Heyo! If you tried to solve problem D you have probably ended up trying to optimize this algorithm:

    // input
    int n, k;
    cin >> n >> k;
    vector arr(n, vector<int>(n));
    for (int i = 0; i < n;i++)
        for (int j = i; j < n; j++)
            cin >> arr[i][j];

    vector dp(n+2, vector<int>());
    dp[n] = dp[n+1] = {0};

    for (int i = n-1; i >= 0; i--) {
        vector<int> cur;
        for (int j = i-1; j < n; j++) {
            // prepare to merge by adding a[i][j]
            vector<int> tomerge = dp[j+2];
            if (j >= i) {
                for (int& x : tomerge)
                    x += arr[i][j];
            }

            vector<int> merged;
            merge(cur.begin(), cur.end(),
                  tomerge.begin(), tomerge.end(),
                  back_inserter(merged), greater());
            cur = merged;
        }
        dp[i] = cur;
    }

    // output top k values
    for (int i = 0; i < k && i < dp[0].size(); i++)
        cout << dp[0][i] << ' ';
    cout << '\n';

But of course this won't work! The number of values in dp[i] will grow exponentially. But we only need to output first K values of the final dp[0]. Can we do better?

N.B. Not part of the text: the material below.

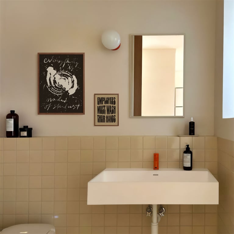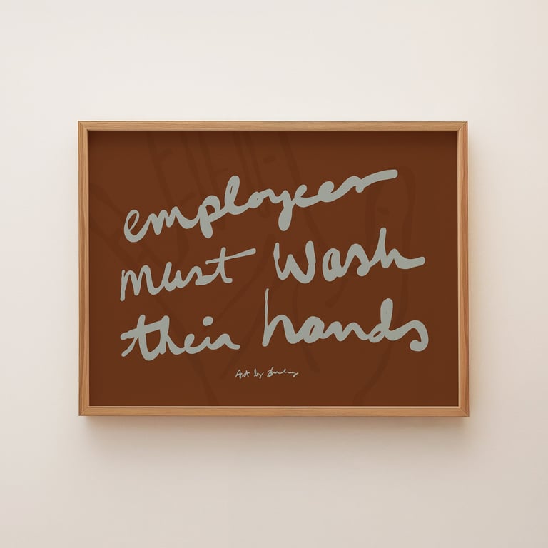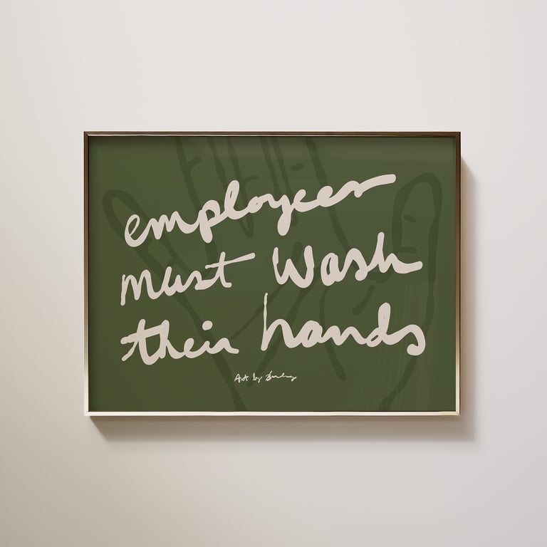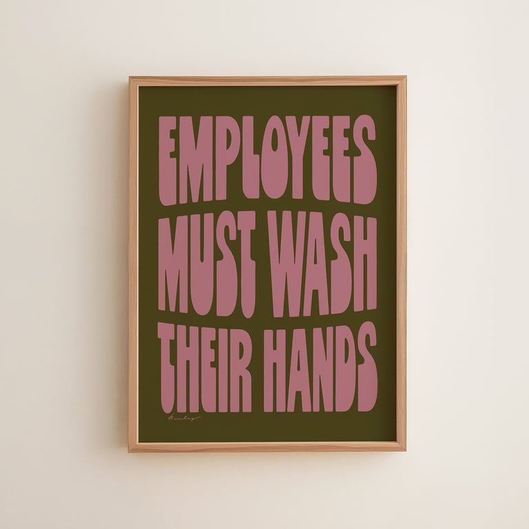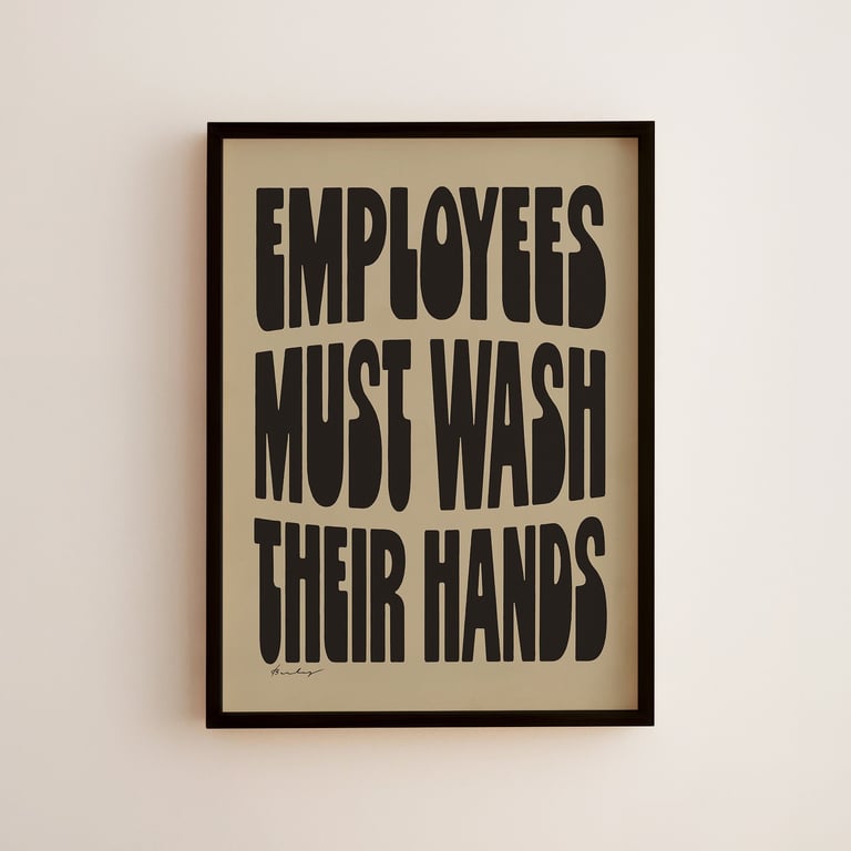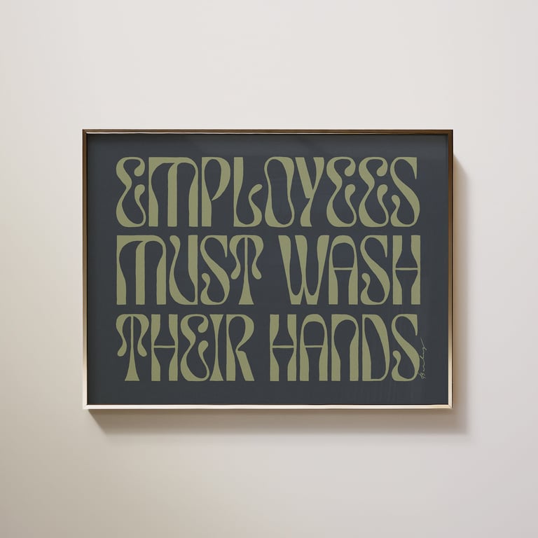 Okay, so some businesses are required to post notices with instructions to wash your hands. Makes sense. But why can't they also be art? I looked it up — no law requires embossed clip art and Helvetica! So to the aesthetes out there bemoaning the choices for your businesses, these are for you. Hand-sketched and hand-lettered reminders to wash your hands before returning to work. Maybe it'll even boost your health grade? You never know!

We only need to store first K values for each dp[i]. So we can rewrite: dp[i] = cur; while (dp[i].size() > k) dp[i].pop_back();

This leaves us with O(n^2 k) solution, this time the bottleneck is the merging part. The OFFICIAL solution is to use priority queue to select first K values after merging, without going through all values. But we are not interested in that!

LAZY solution

If you have heard about Haskell, you might know that it's a lazy language, it only computes things when it absolutely needs them -- e.g. when you print them. Could it be the case that just switching our programming language to Haskell make the solution pass? (Spoiler: yes, kindof)

Skeleton of Haskell code

{-# LANGUAGE BangPatterns #-}
{-# OPTIONS_GHC -O3 -optc-O3 -funbox-strict-fields -funfolding-use-threshold=16 #-}

import Control.Monad
import qualified Data.ByteString.Char8 as B
import Data.Maybe

import Data.Array.Unboxed
import Data.Array.IO.Safe
import Data.Array.IO.Internals

readInt = fst . fromJust . B.readInt
readInts = map readInt . B.words
putInts xs = do
  forM_ xs $ \x -> do
    B.putStr $$$ B.pack $$$ show x
    B.putStr $ B.pack " "
  B.putStr $ B.pack "\n"

main = do
  tests <- readInt <$> B.getLine
  replicateM_ tests solve

solve = do
  [n, k] <- readInts <$> B.getLine
  arrm <- newArray ((0, 0), (n-1, n-1)) 0 :: IO (IOUArray (Int, Int) Int)
  forM_ [0..n-1] $ \i -> do
    arrList <- readInts <$> B.getLine
    forM_ (zip arrList [i..n-1]) $ \(x, j) -> do
      writeArray arrm (i, j) x

  arr <- unsafeFreezeIOUArray arrm
  -- to be continued

Note: Codeforces is sometimes showing single dollar sign as 3 dollar signs, I don't know how to prevent that.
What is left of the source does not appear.